MATERIAL FOR THIS TASK:
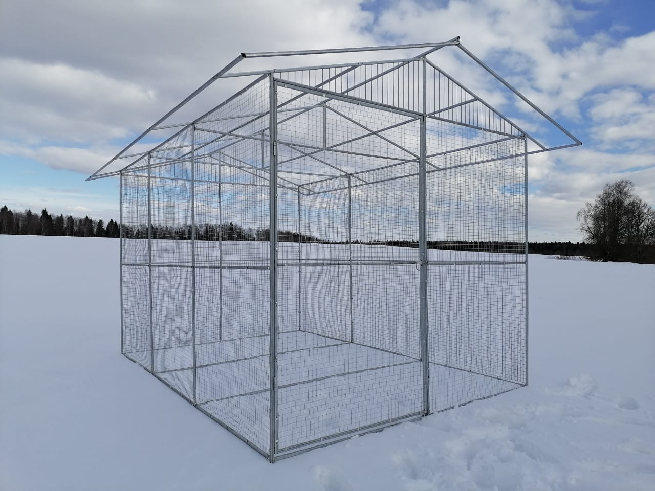 «Разгуляй» имеет усиленный каркас из оцинкованных труб. Внизу выгул так же усилен дополнительными планками из оцинкованных труб, дополнительно и на пол возможно установить сетку.
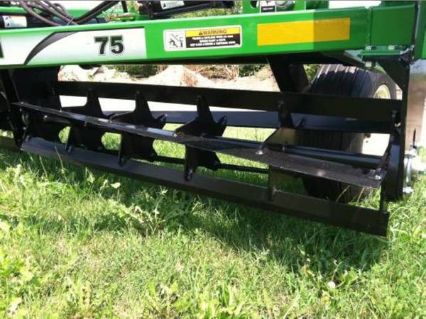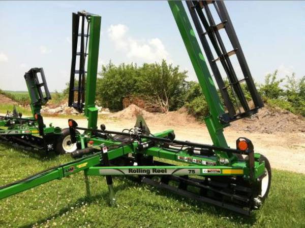 Stock # 17594, Unverferth 2501 rolling reel leveler, 25′ working width, Hydraulic wing fold, 12′ Base, 6.5ft Wings, 9.5Lx15 8ply tires, Dual wheel kit, Lights, Dual hoses, Pull type, Green
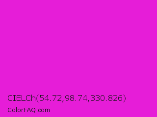 CIELCh 54.72,98.74,330.826 Color is a normal magenta color and the nearest color is Hot Magenta #ff1dce. Hex code #e61dd8 and RGB value is rgb(230,29,216). In RGB color space, this color is composed of 90% red, 11% green, 85% blue, In CMYK color space, this color is composed of 0% cyan, 87% magenta, 6% yellow , 10% black , In HSL color space, this color has a hue angle of 304° , 80% saturation and 51% lightness.
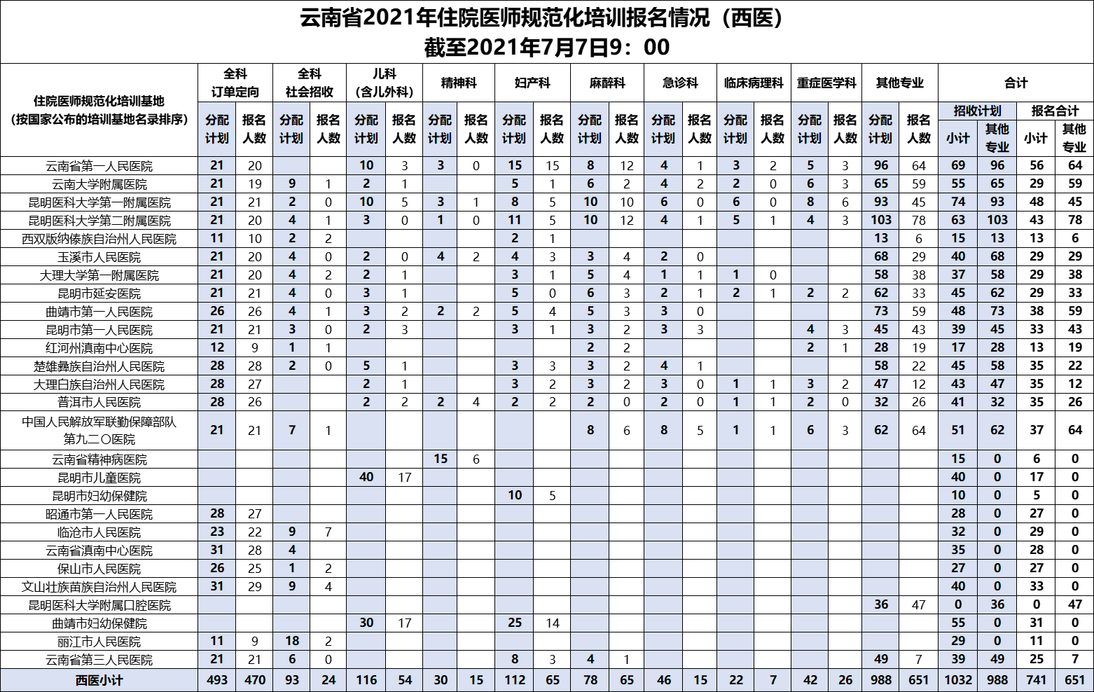 云南省2021年住院醫(yī)師規(guī)范化培訓(xùn)報(bào)名情況(西醫(yī))截至2021年7月7日9:00
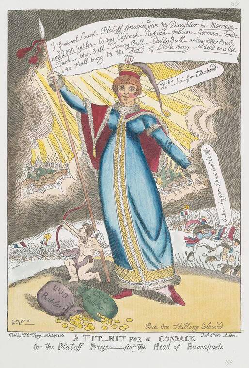 Английская гравюра с элементами лубка, выполненная в жанре политической карикатуры. В центре композиции фигура девушки, одетой в наряд, видимо, по мысли автора, соответствующий традиционному русскому платью. У ее ног — два мешка с деньгами и купидон, стреляющий из лука в никуда. На стяге в правой руке девицы — текст посула Донского атамана Платова.
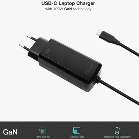 Cargador de portátil GAN USB-C PD 100W, Negro

THE TASK:
Skipping all images, print the data above a second time exactly.

RESPONSE TO THIS TASK:
 «Разгуляй» имеет усиленный каркас из оцинкованных труб. Внизу выгул так же усилен дополнительными планками из оцинкованных труб, дополнительно и на пол возможно установить сетку.
 Stock # 17594, Unverferth 2501 rolling reel leveler, 25′ working width, Hydraulic wing fold, 12′ Base, 6.5ft Wings, 9.5Lx15 8ply tires, Dual wheel kit, Lights, Dual hoses, Pull type, Green
 CIELCh 54.72,98.74,330.826 Color is a normal magenta color and the nearest color is Hot Magenta #ff1dce. Hex code #e61dd8 and RGB value is rgb(230,29,216). In RGB color space, this color is composed of 90% red, 11% green, 85% blue, In CMYK color space, this color is composed of 0% cyan, 87% magenta, 6% yellow , 10% black , In HSL color space, this color has a hue angle of 304° , 80% saturation and 51% lightness.
 云南省2021年住院醫(yī)師規(guī)范化培訓(xùn)報(bào)名情況(西醫(yī))截至2021年7月7日9:00
 Английская гравюра с элементами лубка, выполненная в жанре политической карикатуры. В центре композиции фигура девушки, одетой в наряд, видимо, по мысли автора, соответствующий традиционному русскому платью. У ее ног — два мешка с деньгами и купидон, стреляющий из лука в никуда. На стяге в правой руке девицы — текст посула Донского атамана Платова.
 Cargador de portátil GAN USB-C PD 100W, Negro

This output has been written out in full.